Welcome to another Read-it-if Review, this time with an Aussie book by a veteran Aussie author that deals with disability, diversity and big decisions. I gratefully received a copy of The Beauty is in the Walking by James Moloney from Harper Collins Australia for review. Understated and thoroughly likeable, I have placed this story on the pedestal labelled “Top Books of 2015”. Said pedestal is starting to fill up nicely; this is the fifth book upon which I have bestowed this illustrious title.
Anyway, great books don’t review themselves (or I’m out of a job!) so let’s get on. Here’s the blurb from Goodreads:
Everyone thinks they know what Jacob O’Leary can and can’t do – and they’re not shy about telling him either. But no one – not even Jacob – knows what he’s truly capable of. And he’s desperate for the chance to work it out for himself. When a shocking and mystifying crime sends his small country town reeling, and fingers start pointing at the newcomer, Jacob grabs the chance to get out in front of the pack and keep mob rule at bay. He’s convinced that the police have accused the wrong guy; that the real villain is still out there. And he’s determined to prove it – and himself – to everyone.
Read it if:
*you’ve ever been outshone by a better looking/more talented/ (insert superlative here) sibling, friend, school mate or passer-by
*you have ever had a teacher that you simultaneously admire and want to punch in the face
*you’re looking for some YA that has thought-provoking content, promotes diversity and steers away from the overused storylines that populate bookstore shelves for this age group
*you secretly want to be thought of as a righter of wrongs, a champion of justice and generally someone who can speak publicly without fear of dribbling.
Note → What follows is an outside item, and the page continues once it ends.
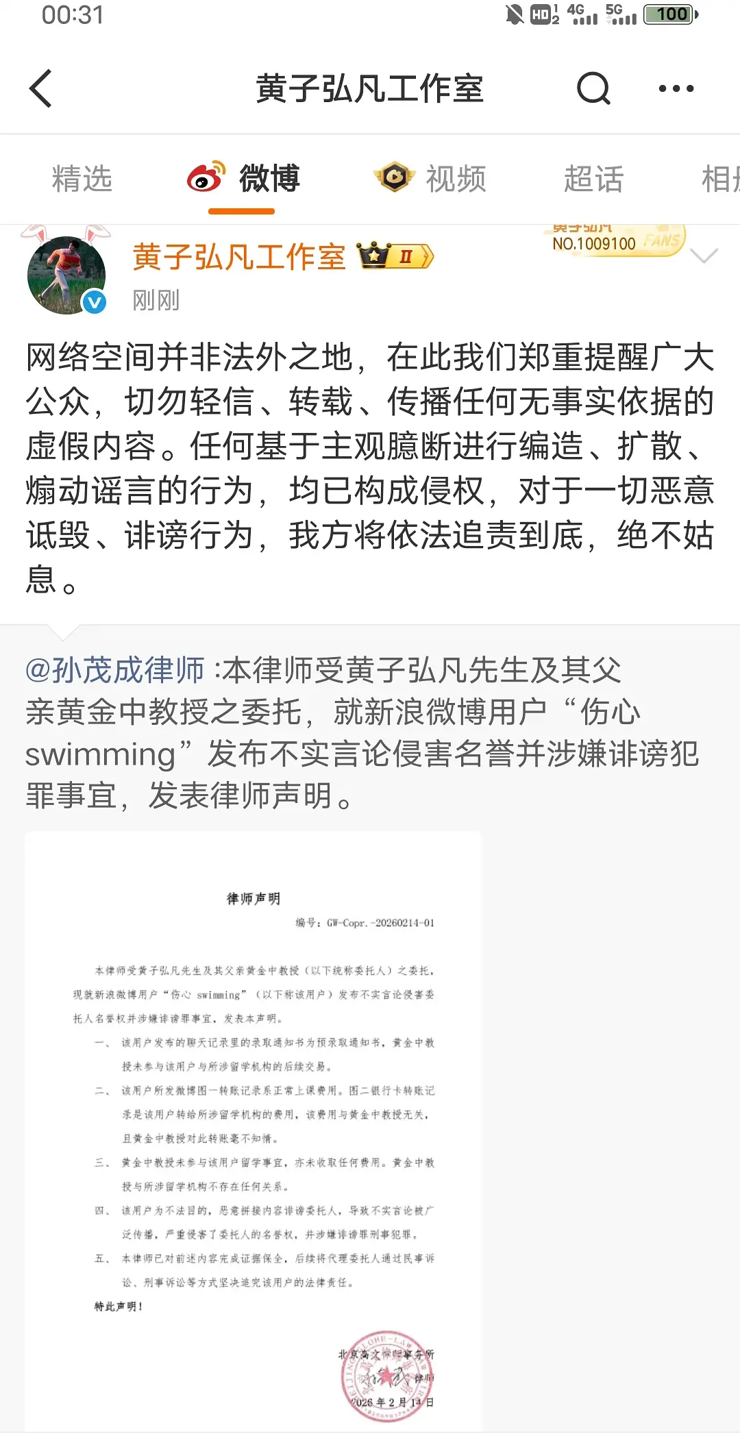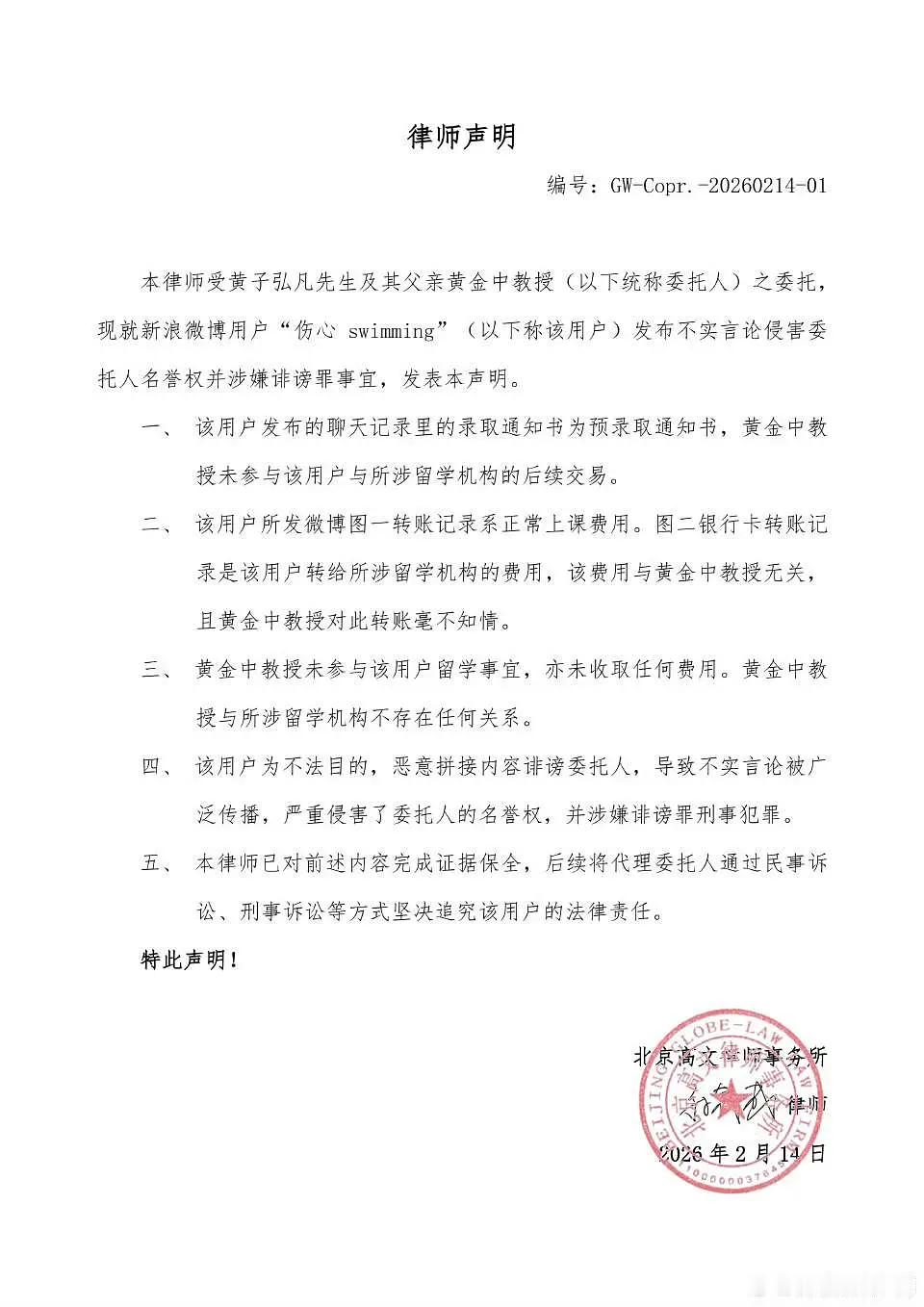 黄子弘凡工作室律师声明来了,该网友转给黄子弘凡父亲的钱是正常上课费,至于其他费用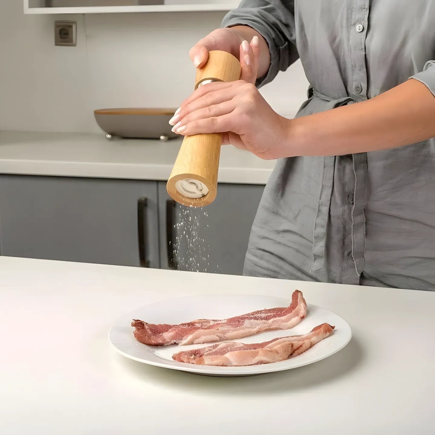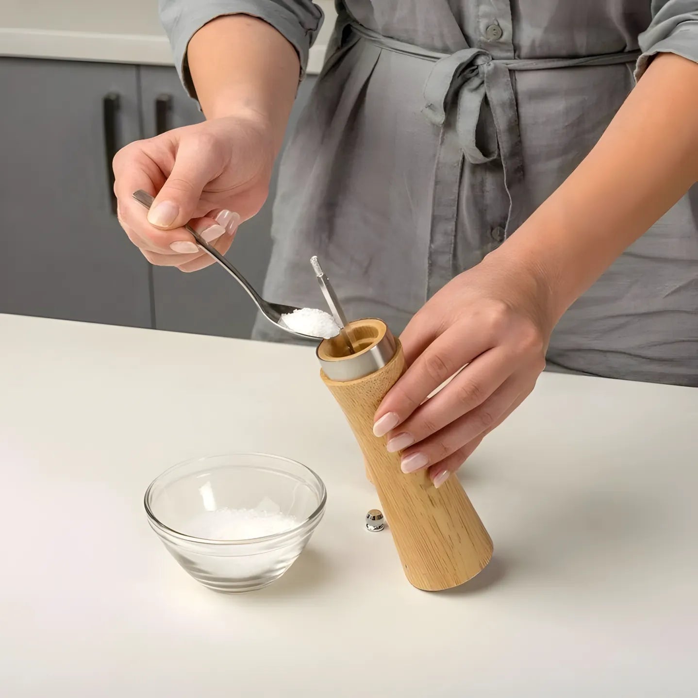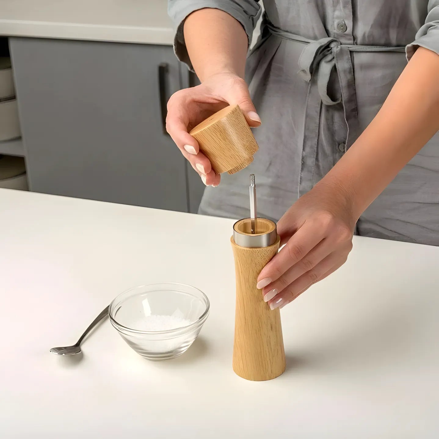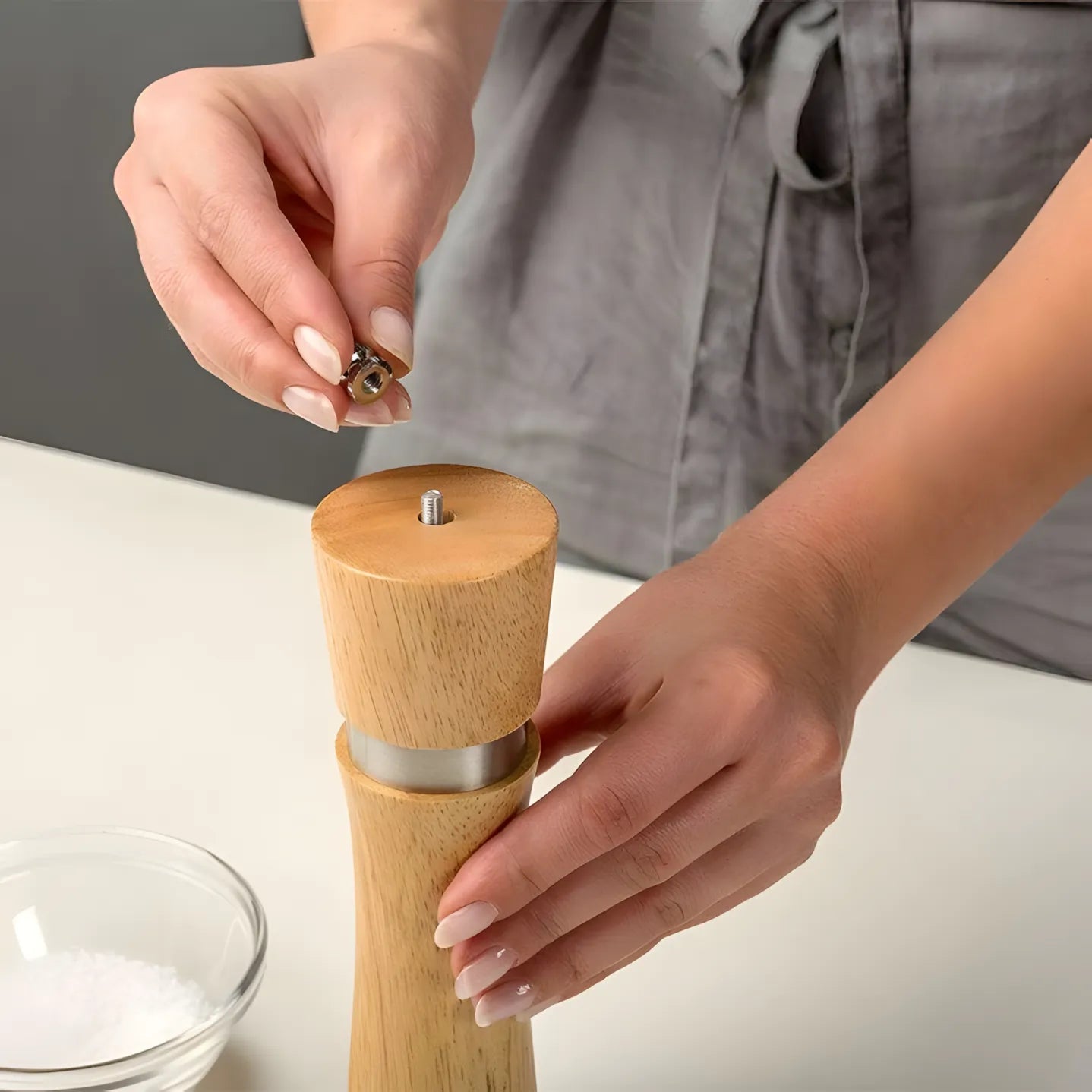 Râșniță sare/piper din lemn, 16 cm, mecanism metalic reglabil, natur dark

I’ve said it before and I’ll say it again: there is something about books by Australian writers, set in Australia that ooze familiarity and comfort. From the moment I took in the exquisite cover of The Beauty is in the Walking, to the first few laid-back chapters, I knew I would be in for an immersive and understated tale of growth and change.
The best thing about this book is that it is unexpected in many ways.
*Please note that I am about to ruin some of that unexpectedness so if you would like to discover the unexpectedness for yourself, you should probably skip the next two paragraphs*
After reading the blurb, I thought I knew generally what this book would be like, but I was unprepared for a main character with Cerebral Palsy (CP), and a resultant mobility impairment. It’s obvious from the beginning that there is something different about Jacob, but the actual naming of his disability doesn’t come straight away, allowing the reader to meet him as he is, rather than having a preconception of what he might be like, based on a label. I feel that Moloney has done an excellent and realistic job of creating a character with a medical condition that imposes certain limitations on how that character moves through the world.
Being that I sit on the shelf of a fleshling with a similar mobility impairment (although not CP) I was surprised at how Moloney has so authentically incorporated this aspect of Jacob’s life into the story. Sometimes the impairment is right at the forefront – embarrassing, painful and inconvenient – and sometimes it’s part of the scenery, unworthy of notice or mention. Similarly, the different reactions of various people to Jacob’s disability run the gamut from overcompensation to celebration. This was part of what made the book feel realistic and it’s no wonder I was drawn in so deeply to Jacob’s quest to break out of the bonds of expectation.
*Alright skippers, you can start reading again now!*
When a number of animals around country Palmerston are killed in vicious attacks, the flimsiest of evidence points toward newcomer to the town, Mahmoud Rais, a Muslim student whose father has taken over the supervision of halal preparation at the local meatworks. Jacob doesn’t fully understand his motivation for doing so, but immediately leaps to Mahmoud’s defence as he is chased by an angry mob of kids. As the town grows more and more convinced that Mahmoud is the guilty party, and the local press and police seem to be encouraging that conviction, Jacob faces a choice about whether it’s worth protesting Mahmoud’s innocence.
Partway through the book I began to worry that this was going to become a clunky sort of declaration of the dangers of leaping to conclusions, with two-dimensional Islamic characters and a cursory diatribe against kneejerk prejudice. Of course, I should have known better and trusted in the talents of Moloney as an experienced writer, because the direction that the story takes could not be further from what I have described.
Instead of attempting to defy stereotyping of a minority by creating characters that would end up being a very small sample of the minority being stereotyped, Moloney has focused the story on Jacob and his thought processes as the events of the investigation are played out. The reactions of others – his parents, schoolmates and teacher – are presented for Jacob to navigate and the pr0s and cons of voicing one’s platform on social media are also explored.
The thing I enjoyed most about this story though, was the fact that the events are presented in the context of Jacob’s final year of school and the decisions that he has to make about his future, both in terms of what he wants to do and who he wants to be. Along the way the story touches on first love, bullying and discrimination, challenging authority and trust – in others and oneself.
If you are looking for an engrossing, surprising and authentically told story – whether you are a reader of YA or otherwise – allow me to suggest The Beauty is in the Walking as a worthy choice, featuring a young male protagonist with an original voice and content that is both topical and perennial.